Lundgren Caroline, Auer Gert, Frankendal Bo, Nilsson Bo, Nordström Britta
Department of Gynaecologic Oncology, Radiumhemmet Karolinska University Hospital, Stockholm, Sweden.
Acta Oncol. 2004;43(1):49-56. doi: 10.1080/02841860310018990.
The prognostic impact of DNA ploidy, MIB-1 and p53 was evaluated in relation to clinical and histopathological features in surgical stage I endometrial carcinoma (n = 284) and in the histopathological endometrioid subgroup (n = 257). Tumour material from 284 consecutive patients was analysed regarding image cytometric DNA ploidy and the immunohistochemical MIB-1 and p53 expression. Twenty-four tumours relapsed. In univariate analysis, histopathological subgroup (endometrioid vs. non-endometrioid), grade, DNA ploidy and p53 were highly significant prognostic factors (p < or = 0.001). MIB-1 was also significant (p = 0.039). In the endometrioid subgroup only DNA ploidy and p53 were significant (p < 0.001). In multivariate analysis of the entire material, ploidy and histopathological subgroup retained their significance (p = 0.001, p = 0.004), whereas only ploidy was significant in the endometrioid subgroup (p = 0.001). DNA ploidy was the strongest predictor of relapse-free survival and the only independent prognostic factor in the endometrioid subgroup.
在Ⅰ期手术的子宫内膜癌(n = 284)以及组织病理学子宫内膜样癌亚组(n = 257)中,评估了DNA倍体、MIB-1和p53与临床及组织病理学特征相关的预后影响。

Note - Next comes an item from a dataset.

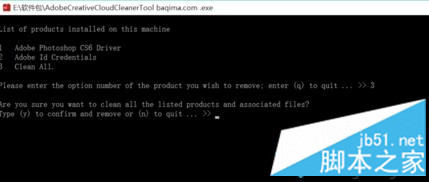 3、輸入:1,選擇清理全部文件,注意,即使存在以前安裝過的Adobe軟件,也建議全部清理,否則很容易出現(xiàn)殘留的情況導(dǎo)致安裝失敗;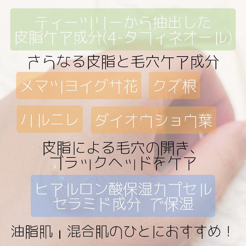 | すこしとろみのあるテクスチャーで、伸び肌馴染み共に◎べとつかないけどしっとり保湿してくれます! | 詳細を見る | ||

对连续284例患者的肿瘤组织进行了图像细胞术DNA倍体分析以及免疫组化MIB-1和p53表达分析。24例肿瘤复发。单因素分析中,组织病理学亚组(子宫内膜样癌与非子宫内膜样癌)、分级、DNA倍体和p53是高度显著的预后因素(p≤0.001)。MIB-1也具有显著性(p = 0.039)。在子宫内膜样癌亚组中,只有DNA倍体和p53具有显著性(p < 0.001)。对全部样本进行多因素分析时,倍体和组织病理学亚组仍具有显著性(p = 0.001,p = 0.004),而在子宫内膜样癌亚组中只有倍体具有显著性(p = 0.001)。DNA倍体是无复发生存最强的预测指标,也是子宫内膜样癌亚组中唯一的独立预后因素。